Some of us are probably aware of Johnny Lee's hardhacked Wiimote, providing head track 3d on a budget. For anyone that's not familiar with it, the tech works by taking advantage of human's other great 3d sensing technique, parallax.

Jacob Pederson, Blogger

November 5, 2010

3 Min Read

Some of us are probably aware of Johnny Lee's hardhacked Wiimote, providing head track 3d on a budget. For anyone that's not familiar with it, the tech works by taking advantage of human's other (besides stereo vision) great 3d sensing technique, parallax. Parallax is best explained by imagining the scene out of a speeding car's passenger window.
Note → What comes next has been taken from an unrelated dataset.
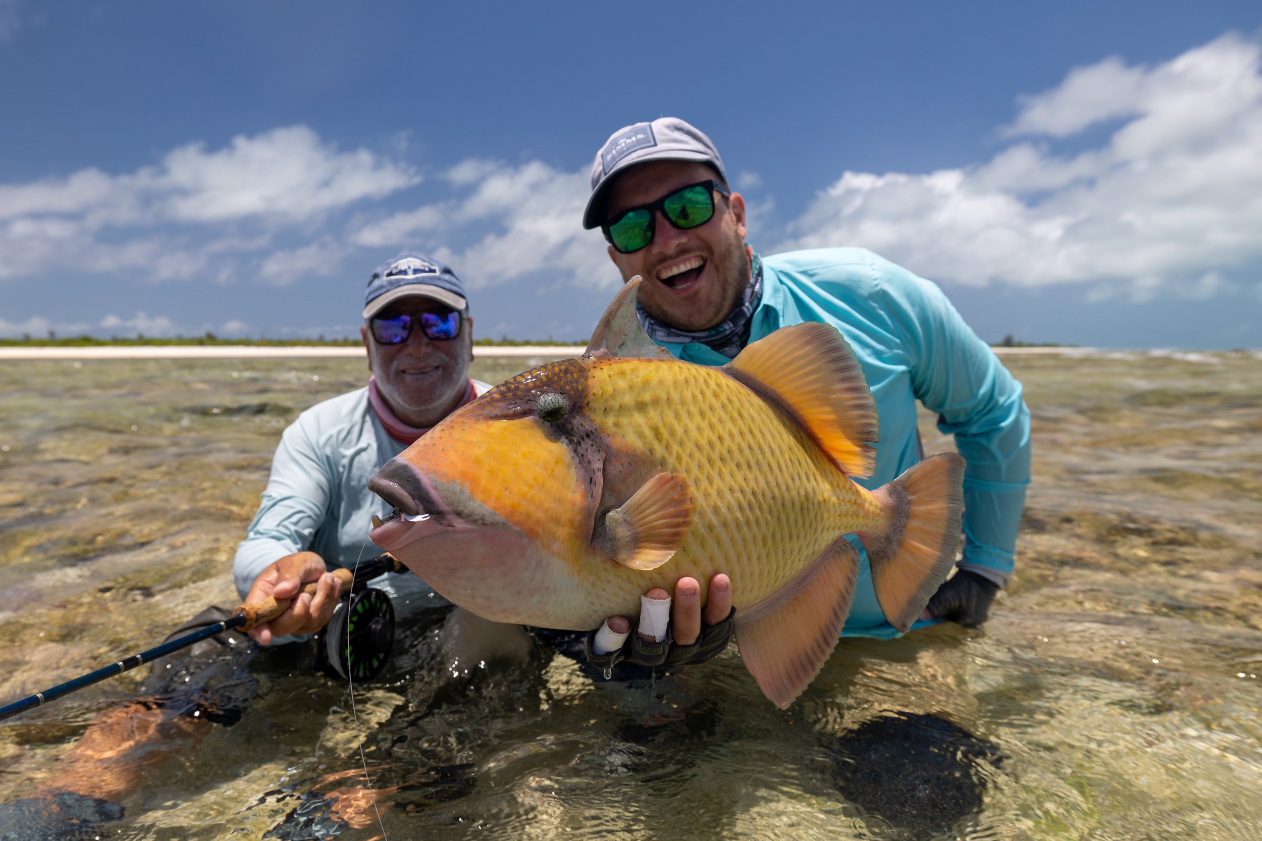 Roger had a dream day, landing his first GT on fly, followed by another only hours later, before completing the first flats slam of the season — a GT, triggerfish, and bonefish all in one session. On another boat, Anthony and Fred found themselves in the thick of GT action with six fish landed, including Anthony’s 114 cm beast, the first metre-plus GT of the season. The energy on the atoll only intensified from there, with Seth landed a 100 cm GT, his rod snapping mid-fight as he wrestled the powerhouse away from the coral heads.

Objects far away from you appear to move slowly, while objects close to the roadway zip by at 60 mph. These speed differences are extrapolated into three dimensional information by the brain. Head track 3d works by updating the parallax of objects in a rendered scene based on the motion of the viewer. This creates a very convincing 3d effect. This idea has already been used in some DSi games. The downside is that if the viewer stops moving, the effect disappears, making it impractical for most gaming genres.

I'll bet you can see were I'm going with this. Kinect gamers are moving around a lot, and the tech has a built in ability to track the viewer's head. So the question is, why isn't every one of these games supporting at least an option for head track 3d? We know the processor overhead isn't huge, because we've seen it running on the DSi. Of course, it wouldn't work for two players, and there would be a some subset of players who found the effect nauseating. But, we are talking about glasses-free 3d on our existing televisions, right on down to NTSC CRTs! That sounds huge to me. Frankly, I'm astonished the release dev's didn't pounce on the idea.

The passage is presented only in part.